Biologicals work best as part of a rotation with antibiotics rather than a standalone replacement. Alternating between them reduces antibiotic use per season, slows resistance development, and extends your protection window across a long bloom period. They also fit into organic management programs where antibiotics are restricted.
Painting Cuts to Prevent Canker Regrowth
Even after proper pruning, fire blight cankers sometimes “re-ignite,” meaning bacteria that survived below the cut form new cankers on the remaining wood. Research at Oregon State University found that painting a plant defense activator (acibenzolar-S-methyl, sold as Actigard) onto the branch immediately below each pruning cut significantly reduced this problem over five seasons of trials. Treated trees had fewer returning cankers, and the cankers that did return were smaller.
The mix is roughly one ounce of product per quart of a bark-penetrating surfactant, painted onto 12 to 18 inches of healthy wood below the cut. One quart treats approximately 500 cuts. The treatment works best when applied at the time of cutting rather than days later. For young trees at high risk of secondary cankers, researchers found this paint provided more benefit than tool sanitation alone, though both practices together give the best protection.
Choosing Resistant Varieties
If you’re planting new trees or replacing ones lost to fire blight, variety selection makes an enormous difference. Some of the most popular commercial apples are highly susceptible: Gala, Granny Smith, Honeycrisp (moderate resistance), Jonathan, Fuji, Pink Lady, Braeburn, and Jonagold all fall into the susceptible-to-highly-susceptible range.
Varieties with strong fire blight resistance include:
- Enterprise, a late-season red apple bred specifically for disease resistance
- WineCrisp, with high resistance and good storage quality
- Redfree, an early-season variety with high resistance
- Liberty, moderately resistant and widely available
- Gold Rush, a late-season yellow apple with moderate-to-good resistance
Red Delicious and Empire also show moderate resistance, which can be a practical choice for growers who need a familiar market variety. Keep in mind that resistance ratings can vary by region and rootstock. The rootstock itself matters too: some dwarfing rootstocks are highly susceptible to fire blight, and a trunk canker on the rootstock can kill an otherwise healthy tree regardless of what variety is grafted on top.
Reducing Spread Within the Orchard
Fire blight bacteria cannot penetrate intact plant cells on their own.

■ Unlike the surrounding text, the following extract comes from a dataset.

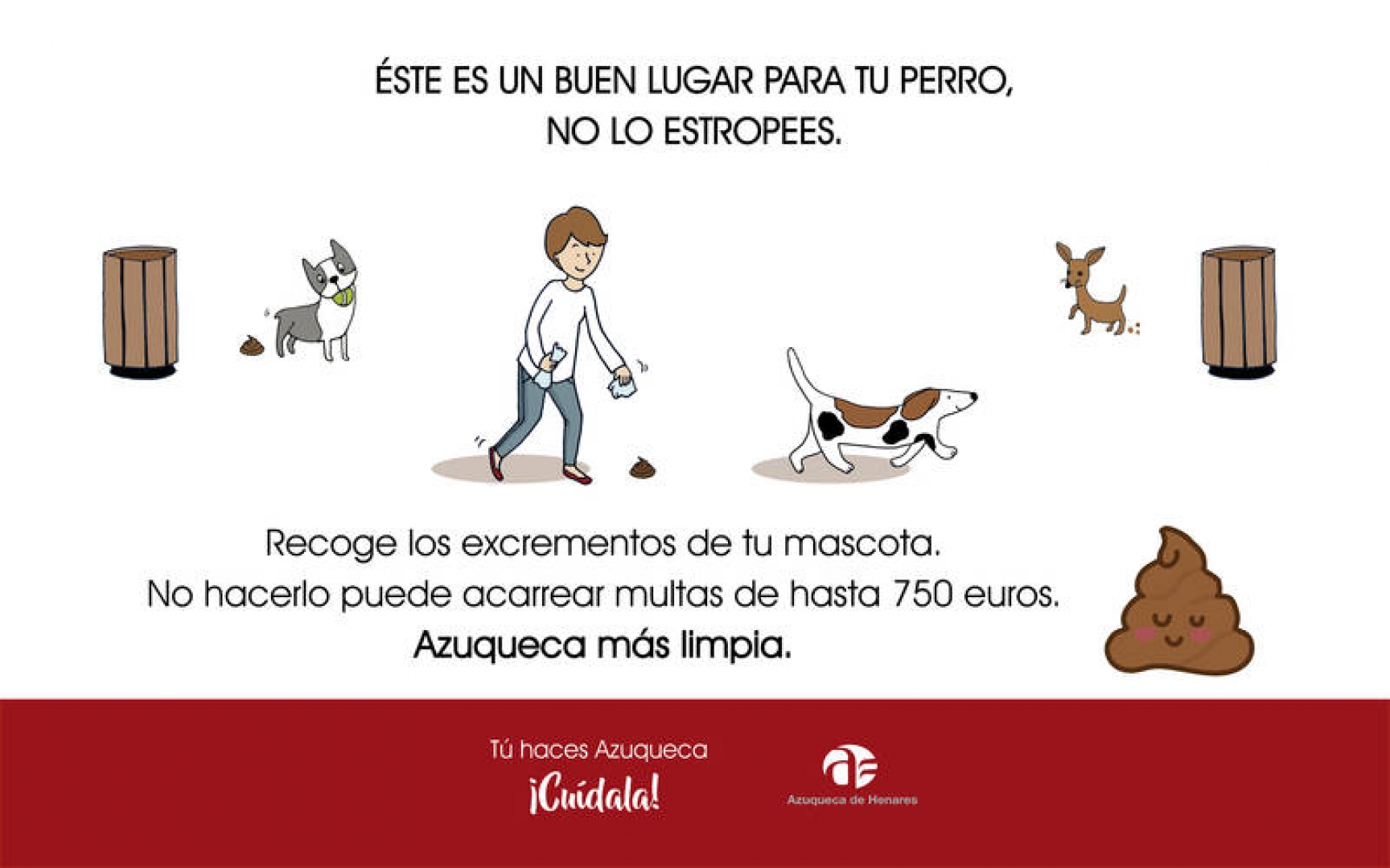 El Ayuntamiento de Azuqueca de Henares ha intensificado las acciones para evitar la presencia de excrementos caninos en las calles de la ciudad. El concejal de Limpieza y Seguridad, Sergio de Luz, ha explicado que "se va a actuar en distintos niveles: incrementando las medidas de concienciación dirigidas a los propietarios de animales, y, al tiempo, aumentando la vigilancia y las sanciones a los infractores". La ordenanza municipal que regula la Tenencia de Animales en Azuqueca establece la obligatoriedad de los propietarios de retirar las deyecciones que sus mascotas depositen en aceras o zonas de tránsito peatonal, parques o jardines y contempla sanciones de hasta 750 euros para los infractores.

They need an opening: a flower, a wound from hail or insects, or a pruning cut. This means several cultural practices make a real difference. Avoid heavy nitrogen fertilization, which pushes lush, fast-growing shoots that are more vulnerable to infection. Control insects like aphids and leafhoppers that create feeding wounds and physically carry bacterial ooze between trees. After hailstorms, a protective spray can help prevent bacteria from entering damaged tissue across the entire block.
Remove any wild or abandoned apple and pear trees near your orchard if possible, as they often harbor unmanaged cankers that serve as a source of bacteria year after year. During bloom, avoid overhead irrigation that wets flowers and creates the moisture conditions the pathogen needs to infect.